I bet my RPL 375 would smoke a bug pretty quick :naughty:
not that I've ever tried it


----------



## qwertyydude (Aug 25, 2009)

Electronic fly swatters, the kind that look like tennis racquets, work pretty good too. Trying to aim a laser to hit a bug will just make it fly away when it hits. Unless you have something that can burst it into flames in which case you'll probably burn holes in whatever you point it at.


----------



## GTSECC (Aug 25, 2009)

qwertyydude said:


> Electronic fly swatters, the kind that look like tennis racquets, work pretty good too. Trying to aim a laser to hit a bug will just make it fly away when it hits.

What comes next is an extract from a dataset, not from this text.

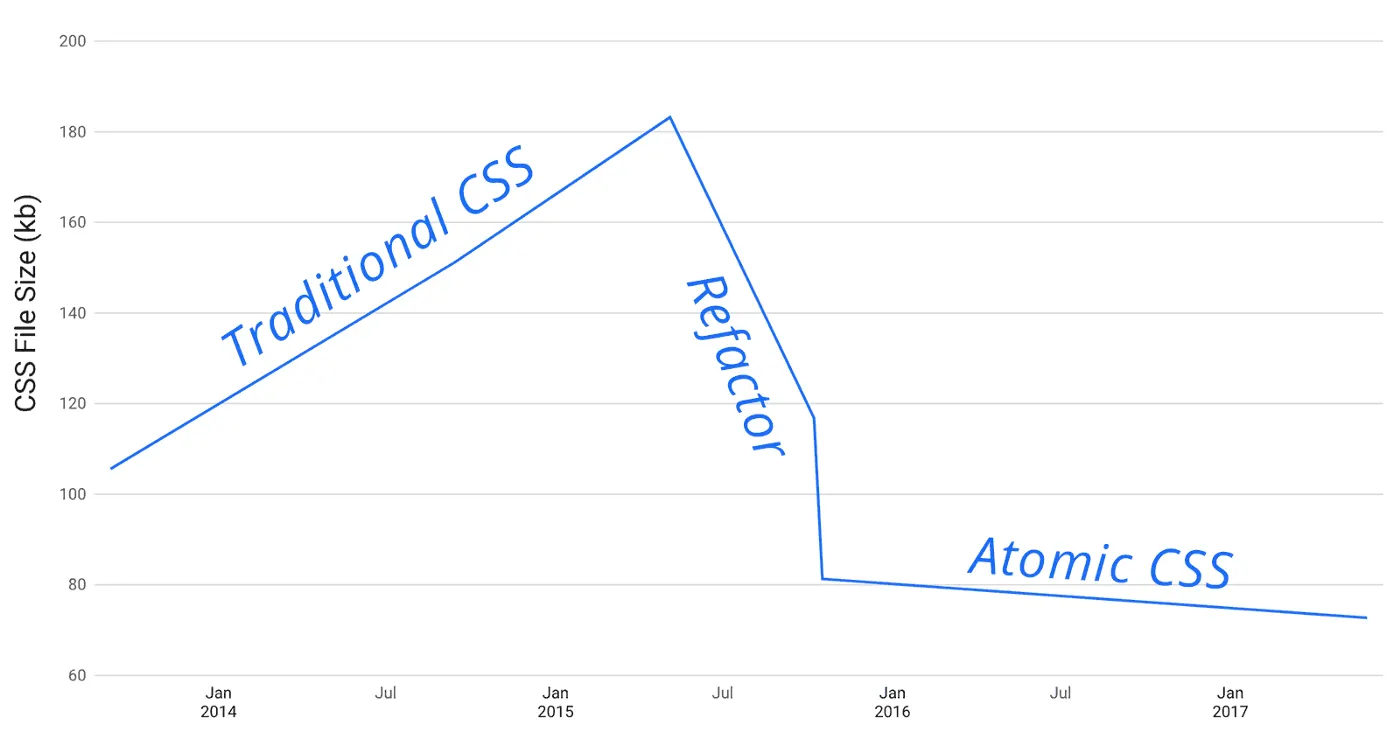 또한 atomic css의 가장 좋은 점은 미리 만들어놓은 클래스들이 있으면 새로운 컴포넌트를 만들 때에도 기존의 스타일을 사용하면 된다는 것이다. 따라서, 새로 추가되는 css는 없고 기존 것만 사용하여 개발을 더 쉽고 빠르게 할 수 있다.

Unless you have something that can burst it into flames in which case you'll probably burn holes in whatever you point it at.


That would be cool wouldn't it? :devil:


----------



## Illum (Aug 25, 2009)

I've "ticked off" horsefly's before using a 5mw





Mean buggers, apparently their compound eyes are more sensitive to this sort of things than other insects, which showed virtually no reaction to getting hit in the face by a laser.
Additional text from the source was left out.